Task to carry out:
Pictures are to be dropped. Everything else in the listing gets copied exactly.

**** Data below ****

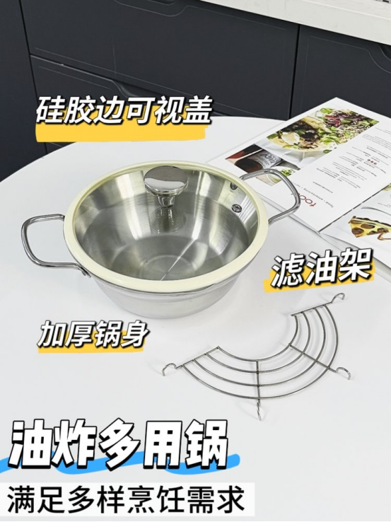 新品首发🔥🔥 锅体可当油炸锅、油泼锅、热奶锅使用,搭配滤油架,一套满足多样烹饪需求🥘 🔺沥油架底部带支撑脚,实现悬空滤油,让油脂与食材彻底分离,口感更酥脆不腻 🔺体带鹰嘴导流口,倒油倒汤不滴挂,搭配双耳把手更便捷 🔺锅体上宽下窄设计,少量油即可浸没食材,比普通炒锅省油量显著,实现小份炸食自由🍟 20CM多用锅+滤油架+白色硅胶边盖子 三件套装 某宝同款在售368元 这批库存特价39.9元🉐三件套装20CM锅+滤油架+盖子 数量有限,手慢无!!
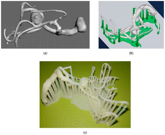 Patient #2 aneurysm reproduction and printing: (a) 3D model reconstruction of the aneurysm after simplification suggested by the neurosurgeons; (b) 3D model preparation for printing; (c) 3D printed model before the removal of the support structures.
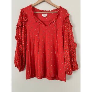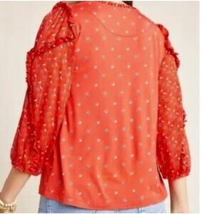 Anthropologie Jacquin Peasant Blouse Women's Top Shirt Red Circles Maeve Large
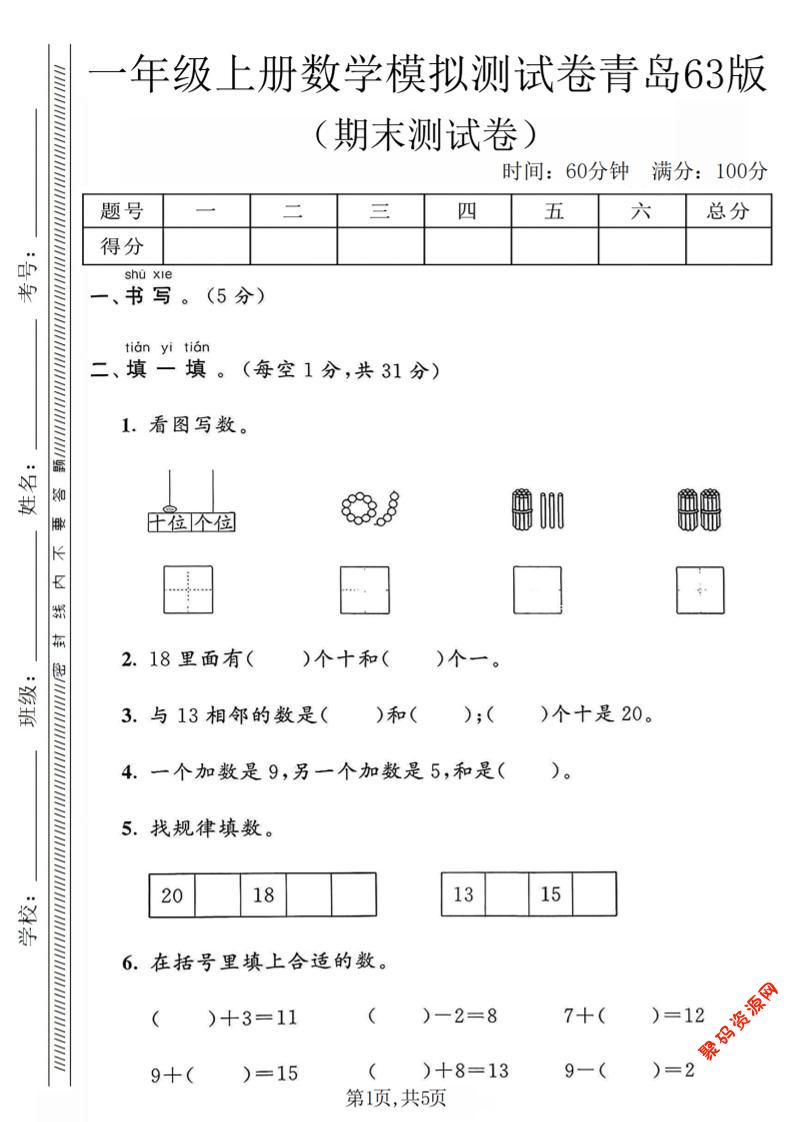 聚码网 一年级 一年级上数学期末模拟测试卷《青岛63版》 http://www.appstore168.com/113152.html

****

Answer for this exercise:
 新品首发🔥🔥 锅体可当油炸锅、油泼锅、热奶锅使用,搭配滤油架,一套满足多样烹饪需求🥘 🔺沥油架底部带支撑脚,实现悬空滤油,让油脂与食材彻底分离,口感更酥脆不腻 🔺体带鹰嘴导流口,倒油倒汤不滴挂,搭配双耳把手更便捷 🔺锅体上宽下窄设计,少量油即可浸没食材,比普通炒锅省油量显著,实现小份炸食自由🍟 20CM多用锅+滤油架+白色硅胶边盖子 三件套装 某宝同款在售368元 这批库存特价39.9元🉐三件套装20CM锅+滤油架+盖子 数量有限,手慢无!!
 Patient #2 aneurysm reproduction and printing: (a) 3D model reconstruction of the aneurysm after simplification suggested by the neurosurgeons; (b) 3D model preparation for printing; (c) 3D printed model before the removal of the support structures.
 Anthropologie Jacquin Peasant Blouse Women's Top Shirt Red Circles Maeve Large
 聚码网 一年级 一年级上数学期末模拟测试卷《青岛63版》 http://www.appstore168.com/113152.html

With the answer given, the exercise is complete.